Special Use Airspace discussion

MikeD

Administrator
Staff member
Military Training Routes (updated due to another incident):

The other week, I was flying a low level along VR-239. Cruising at 480 KIAS and 500 AGL, I was doing the standard clock/map/ground as I navigated along and around the terrain on the route. Coming around turn point 4, I happened to spot, by luck, a Cessna 177 doing what appeared to be turns on/around a point at low level.....standard training. Glad I spotted him earlier, and no problem making a deviation around him, but had I not spotted him, it could've been a close call or worse. He was likely concentrating on his airwork, as I was mainly concentrating on map/ground, so it's even more luck that one of us spotted the other. I don't know if he ever saw me, but I doubt it, since I was at his 6-7 o'clock when I first spotted him, and lagged around his six to pass him by a good margin as he completed his left turn.

IMO, practicing airwork in a MOA or along a known MTR, anything where training is going on and full attention can't be maintained to the outside, is potential trouble waiting to happen.
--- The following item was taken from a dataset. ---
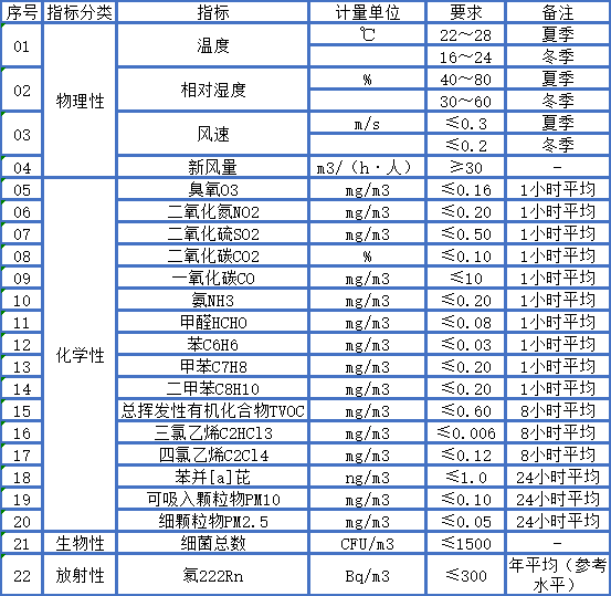 隨著經濟技術的發展,人們生活水平的提高,人們逐漸要提高和改善自己的居住和工作環境,在對居住環境、辦公樓進行裝飾裝修時必然要采用大量的建築和裝修材料,在美化室內環境的同時也帶來了大量的汙染物,這些室內環境中存在的汙染物具有成分複雜、低濃度、接觸時間長、影響人群眾多和產生健康影響的效應潛伏期長等特點。為了保護室內人群的身心健康和促進員工的工作效率,國內外各單位和機構投入大量精力和財力進行研究和實施達到室內人群可接受的室內汙染物水平的措施和管理程序,為創造良好的樓宇室內環境質量,針對室內汙染的控製要素主要有:物理性指標、化學性指標、生物性指標和放射性指標四大類,各主要要素的控製限值詳見下表(摘自《室內空氣質量標準》):
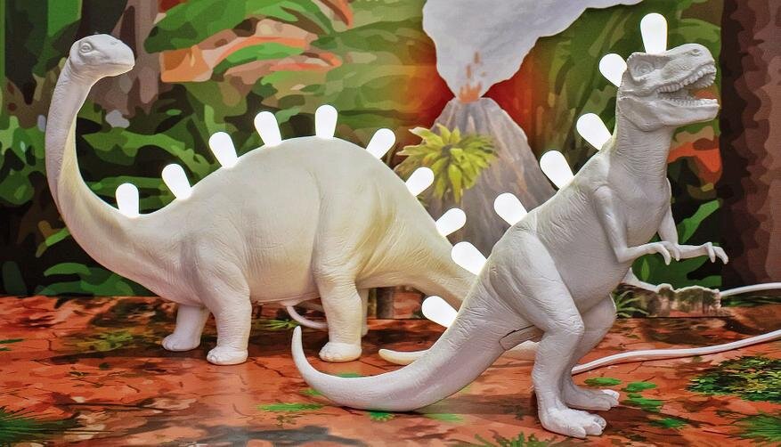 Еще один оригинальный настольный светильник в виде достаточно крупной фигуры динозавра. На выбор либо диплодок с флегматичной физиономией, либо «улыбающийся» тираннозавр. Размер светильников: 50x20x30см или 40x14x34см. Осветительными элементами являются небольшие лампочки идущие вдоль хребта динозавра.

Military Training Routes are usually never in "military-only areas" such as Restricted Areas, etc. As military pilots, we train like we fight; and if that means a 450 knot low-level ingress to a target, then that's what we do. There's a reason that MTRs in the USA are depicted on Sectional Aeronautical Charts and the US AP-1/B chart; that's so civilian pilots can plan around them, and either avoid them, or be able to be VERY heads-up if they must fly near them. When I say "must fly near them", I'm referring to some MTRs which come within (due to terrain) some small private, uncontrolled airstrips, such as those near ranches, etc. In these instances, civilians need to go in/out of these fields, and knowing the status of a particular MTR near you is important.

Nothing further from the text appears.